*** Opening SUPPLIED INFORMATION ***

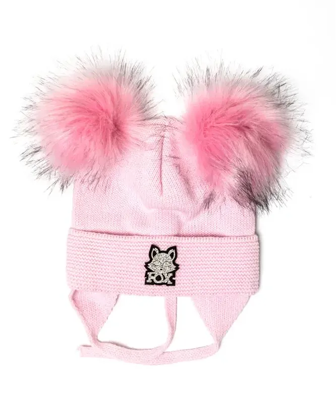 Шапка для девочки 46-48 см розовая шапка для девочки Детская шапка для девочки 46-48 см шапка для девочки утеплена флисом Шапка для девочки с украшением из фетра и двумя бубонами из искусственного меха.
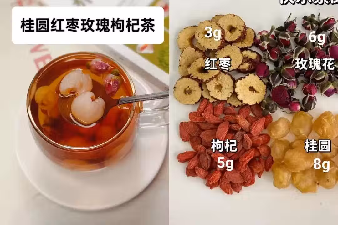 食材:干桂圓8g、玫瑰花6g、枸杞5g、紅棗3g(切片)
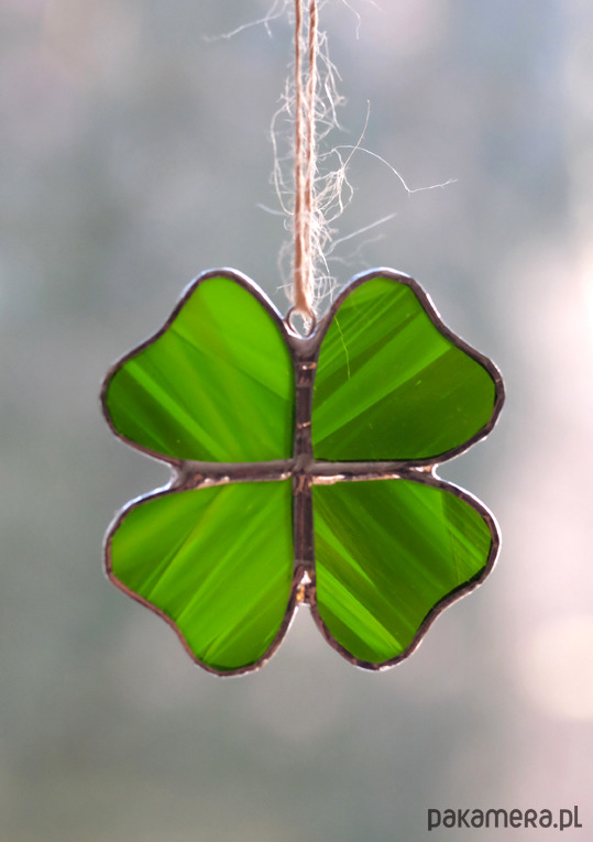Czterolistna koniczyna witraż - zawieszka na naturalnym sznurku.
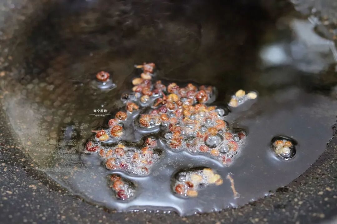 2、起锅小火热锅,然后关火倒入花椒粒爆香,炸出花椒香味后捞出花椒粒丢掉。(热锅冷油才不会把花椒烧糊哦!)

*** Closing SUPPLIED INFORMATION ***

→ **YOUR GOAL**
Starting with the first line of the data, transcribe every line exactly through the one containing "Czterolistna koniczyna witraż". No pictures go in.

→ **TASK SOLUTION**
 Шапка для девочки 46-48 см розовая шапка для девочки Детская шапка для девочки 46-48 см шапка для девочки утеплена флисом Шапка для девочки с украшением из фетра и двумя бубонами из искусственного меха.
 食材:干桂圓8g、玫瑰花6g、枸杞5g、紅棗3g(切片)
Czterolistna koniczyna witraż - zawieszka na naturalnym sznurku.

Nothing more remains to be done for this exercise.